§ **Assigned task**
Exactly the lines from the beginning of the records below through the line with "ヴィンテージ感漂うウォッシュ" must be given again, without pictures.

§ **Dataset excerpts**
● ● ●

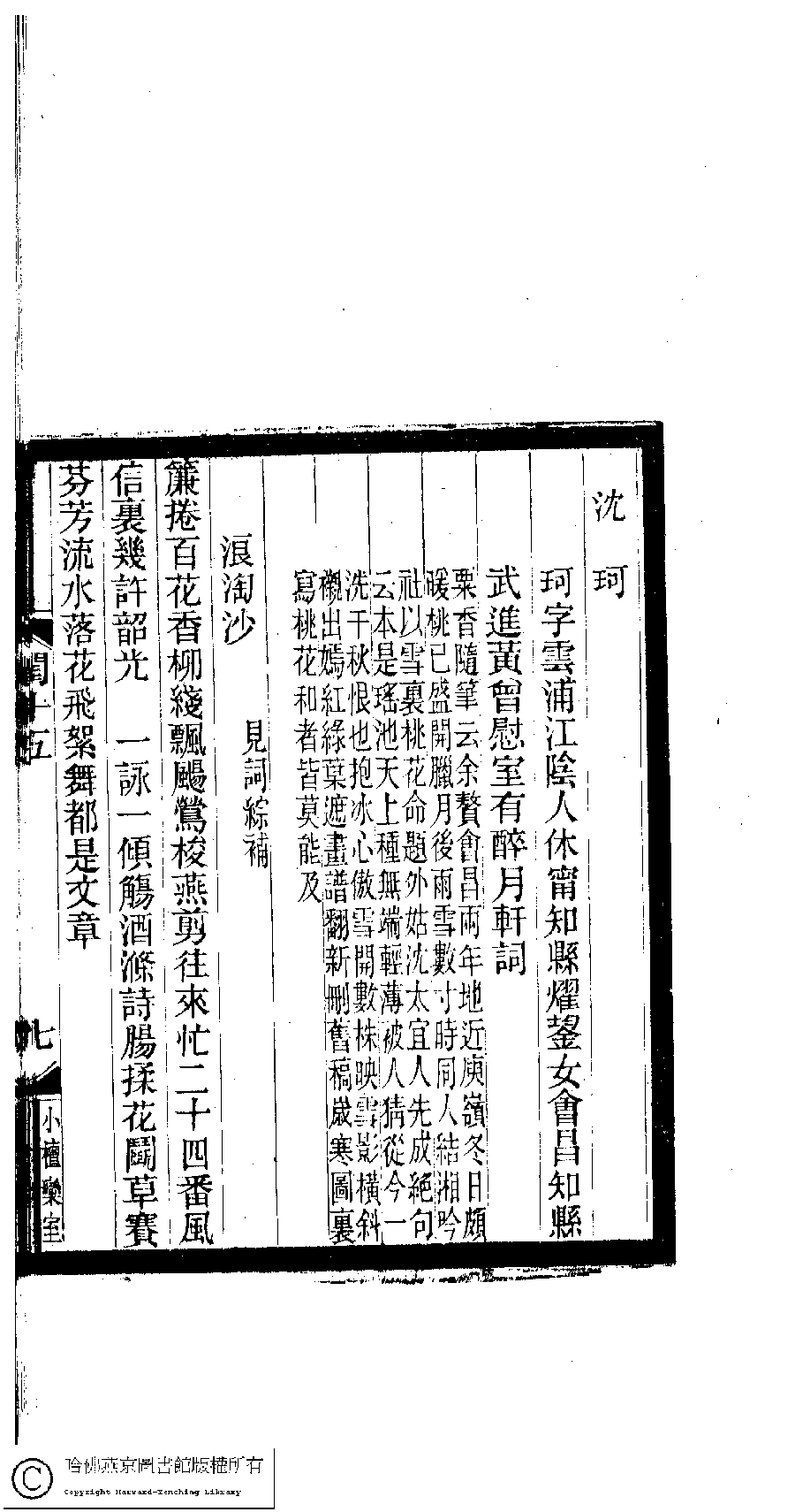 | (PRINT FRIENDLY VERSION) 閨秀詞鈔﹕十六卷(清徐乃昌輯)。清宣統元年(1909)小檀欒室刻本。 ![]() 頁碼 : 15.7a | 点 击 放 大 | 返回 |
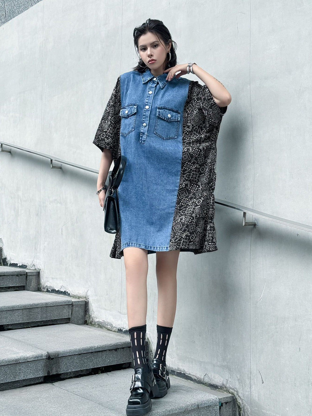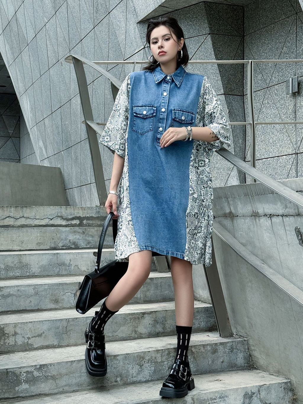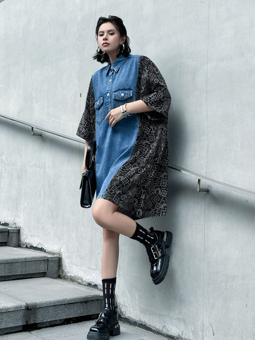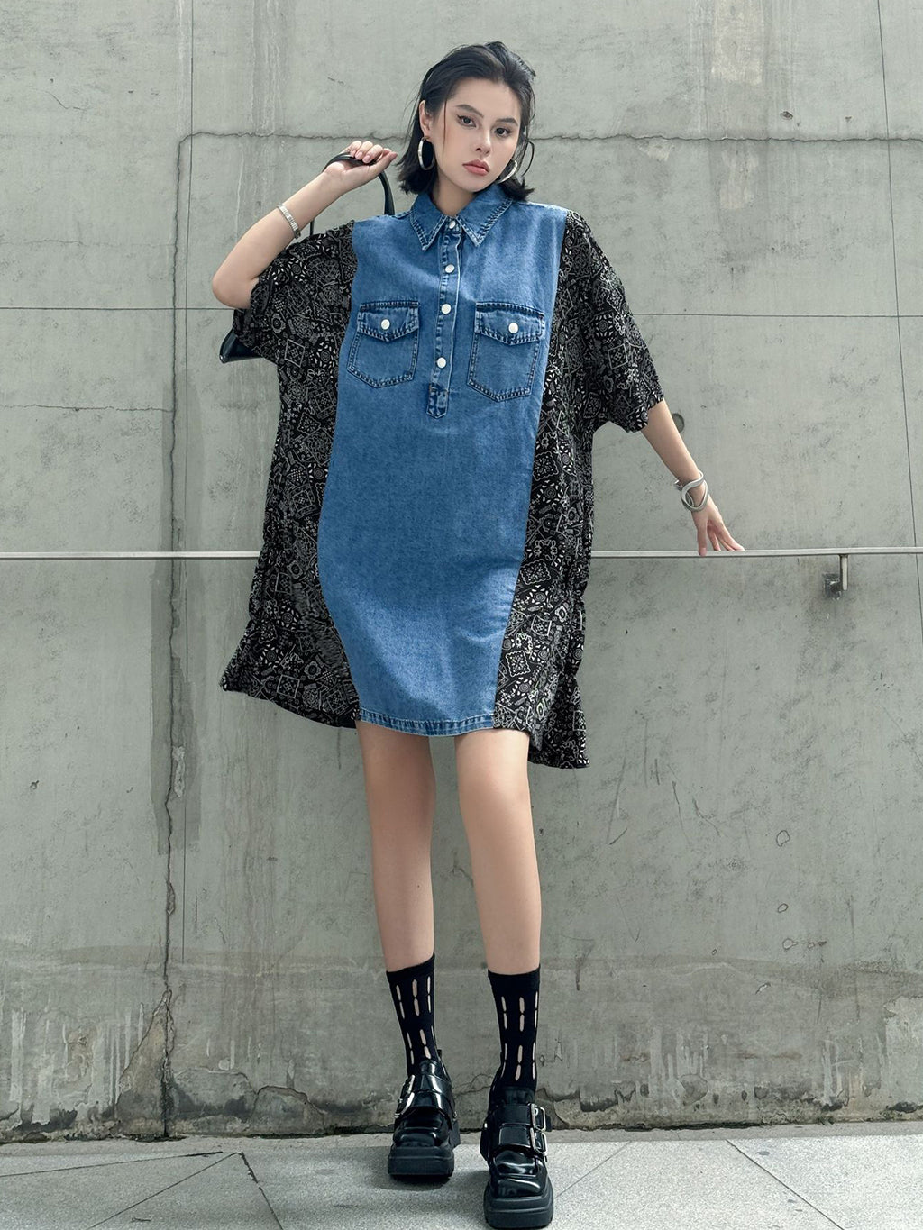 ヴィンテージ感漂うウォッシュデニムとオリエンタルな総柄ファブリックを組み合わせた、リラックス感のあるシャツドレス。肩から袖にかけての切り替えが印象的で、ゆったりとしたシルエットがこなれた雰囲気を演出。胸元のフラップポケットや前立てボタンがアクセントとなり、コーディネートの主軸として存在感を放つ一着。スニーカーからブーツまで幅広いスタイリングに対応。
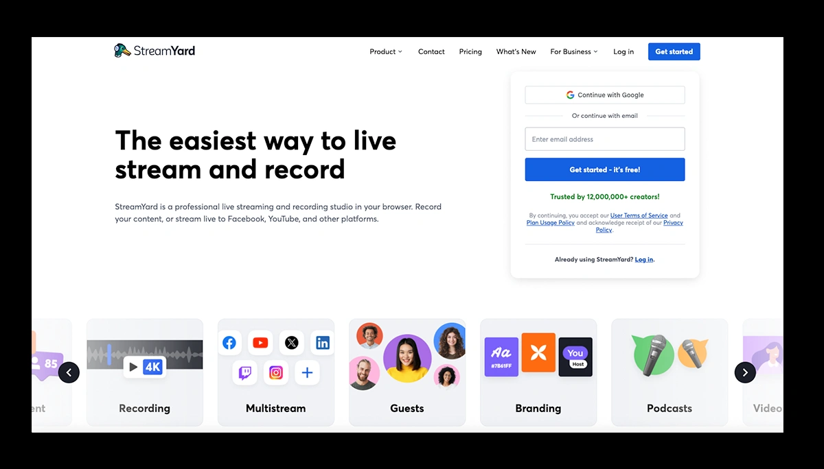 However, unlike most platforms on this list, StreamYard doesn’t offer any built-in monetization features, such as subscriptions or paywalls. Nevertheless, it integrates seamlessly with platforms that do, making it a polished choice for creators and companies focused on audience engagement and reach.
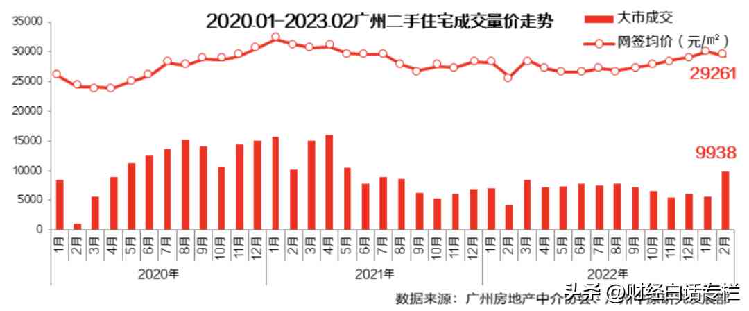广州市二手住宅成交量(自助网签+中介网签)为9938宗;环比2023年1月同期(6025宗)环比大涨78.7%,同比去年2月上涨1.4倍。
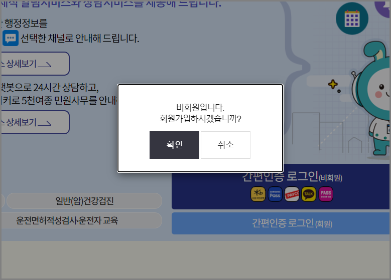 간편인증로그인(비회원)을 누르면 아래와 같이
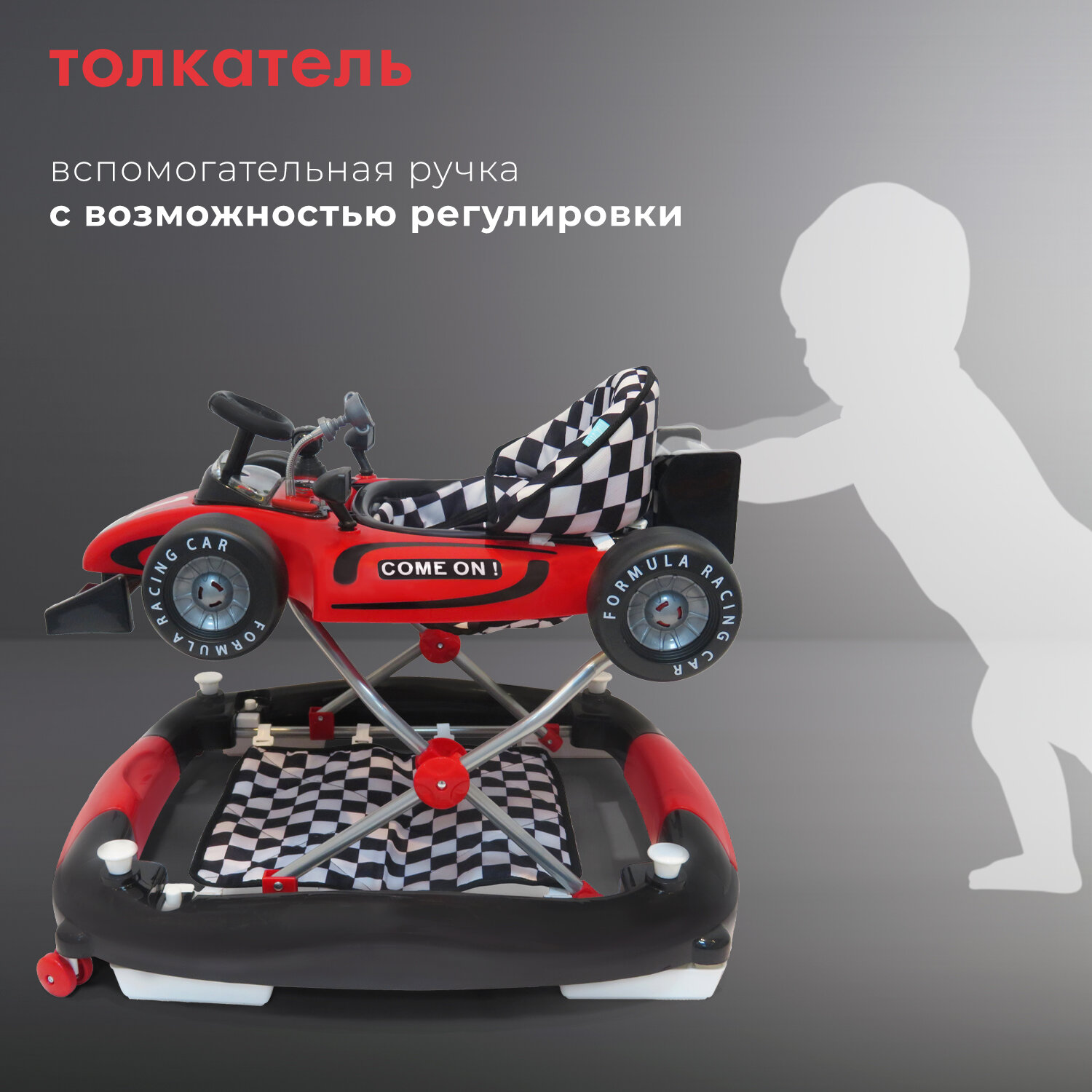 | Отзыв: | Ходунки сделаны в стиле гоночной машины, смотрится здорово, брали в красной расцветке для сына) |
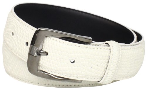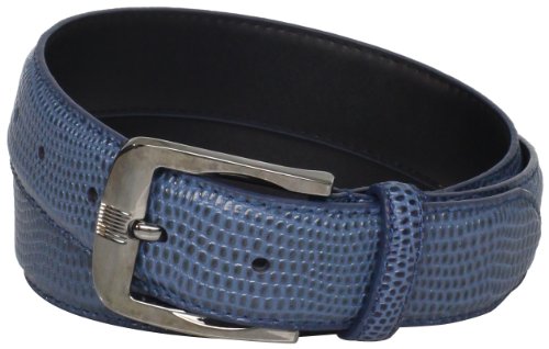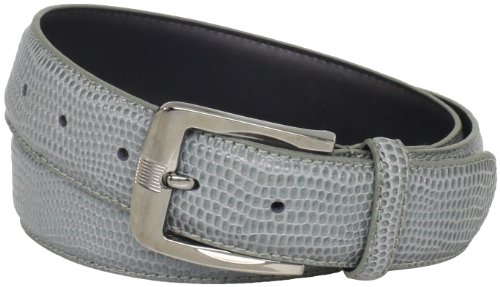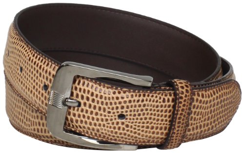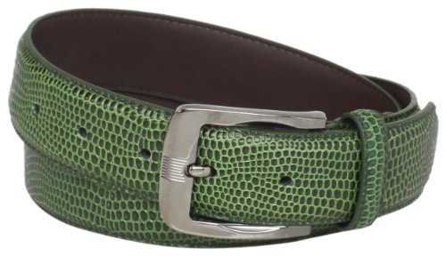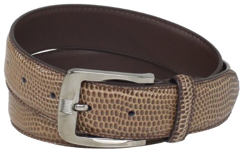 Genuine leather lizard skin print belt, brushed nickel buckle

● ● ●

§ **Solution to the exercise**
 | (PRINT FRIENDLY VERSION) 閨秀詞鈔﹕十六卷(清徐乃昌輯)。清宣統元年(1909)小檀欒室刻本。 ![]() 頁碼 : 15.7a | 点 击 放 大 | 返回 |
 ヴィンテージ感漂うウォッシュデニムとオリエンタルな総柄ファブリックを組み合わせた、リラックス感のあるシャツドレス。肩から袖にかけての切り替えが印象的で、ゆったりとしたシルエットがこなれた雰囲気を演出。胸元のフラップポケットや前立てボタンがアクセントとなり、コーディネートの主軸として存在感を放つ一着。スニーカーからブーツまで幅広いスタイリングに対応。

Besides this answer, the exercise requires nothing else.